◆ **EXERCISE DIRECTIONS**:
Pictures are to be left out; everything else in the records must be repeated exactly.

◇ ◇ ◇ ◇

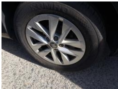
Imagen - 32
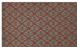
552 - Presidential
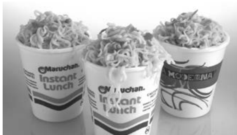
ESTUDIOS SEÑALAN que las sopas instantáneas provocan obesidad en sus consumidores

Sentado en el monte, cubierto su rostro con un paliacate y rodeado por 10 de sus compañeros que sostenían diferentes armas de fuego y una bandera roja, el sujeto leyó las demandas, las primeras de ellas el respeto a las demandas indígenas y no más desvíos de los recursos.
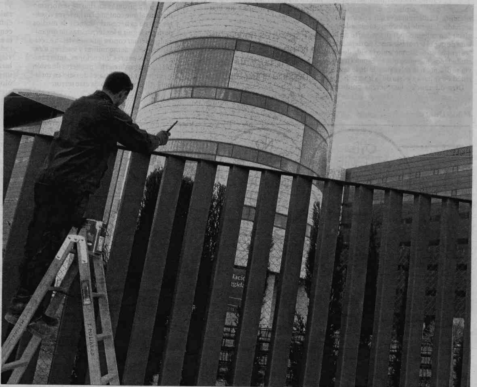
Ayer se daban los últimos retoques a la nueva valla que fija el perímetro del recinto.

Será hoy cuando los técnicos municipales se pongan en con-
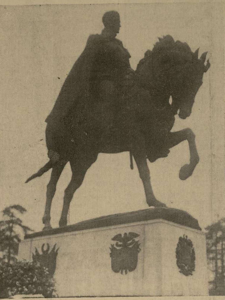
Estatu ecuestre del Libertador Simón Bolívar, ante la cual se celebrará hoy el homenaje de las naciones bolivarianas.

del Libertador. Figura fué la su- ya que trasciende en grandeza a todas las demás que ha producido la historia americana y, desde lue- go, se paragona por su magnitud real y la proyección de su obra grandiosa en el porvenir del mun- do, con las más excelsas de la ga- lería universal de la fama.
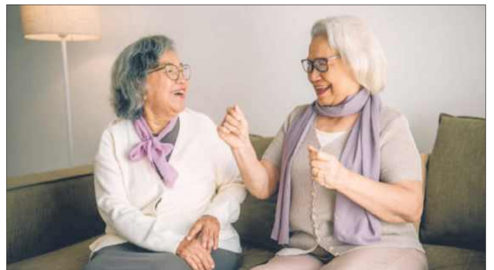
Uśmiech to najlepszy lek.

Sposobów na poprawę samopoczucia może być znacznie więcej, zawsze jednak chodzi o przekierowanie uwagi z tego, co nieprzyjemne i negatywne, na coś, co budzi przyjemne odczucia i generuje pozytywny nastrój. Warto pamiętać, że dobry humor

◇ ◇ ◇ ◇

◆ **RESPONSE BELOW**:
Imagen - 32
552 - Presidential
ESTUDIOS SEÑALAN que las sopas instantáneas provocan obesidad en sus consumidores

Sentado en el monte, cubierto su rostro con un paliacate y rodeado por 10 de sus compañeros que sostenían diferentes armas de fuego y una bandera roja, el sujeto leyó las demandas, las primeras de ellas el respeto a las demandas indígenas y no más desvíos de los recursos.
Ayer se daban los últimos retoques a la nueva valla que fija el perímetro del recinto.

Será hoy cuando los técnicos municipales se pongan en con-
Estatu ecuestre del Libertador Simón Bolívar, ante la cual se celebrará hoy el homenaje de las naciones bolivarianas.

del Libertador. Figura fué la su- ya que trasciende en grandeza a todas las demás que ha producido la historia americana y, desde lue- go, se paragona por su magnitud real y la proyección de su obra grandiosa en el porvenir del mun- do, con las más excelsas de la ga- lería universal de la fama.
Uśmiech to najlepszy lek.

Sposobów na poprawę samopoczucia może być znacznie więcej, zawsze jednak chodzi o przekierowanie uwagi z tego, co nieprzyjemne i negatywne, na coś, co budzi przyjemne odczucia i generuje pozytywny nastrój. Warto pamiętać, że dobry humor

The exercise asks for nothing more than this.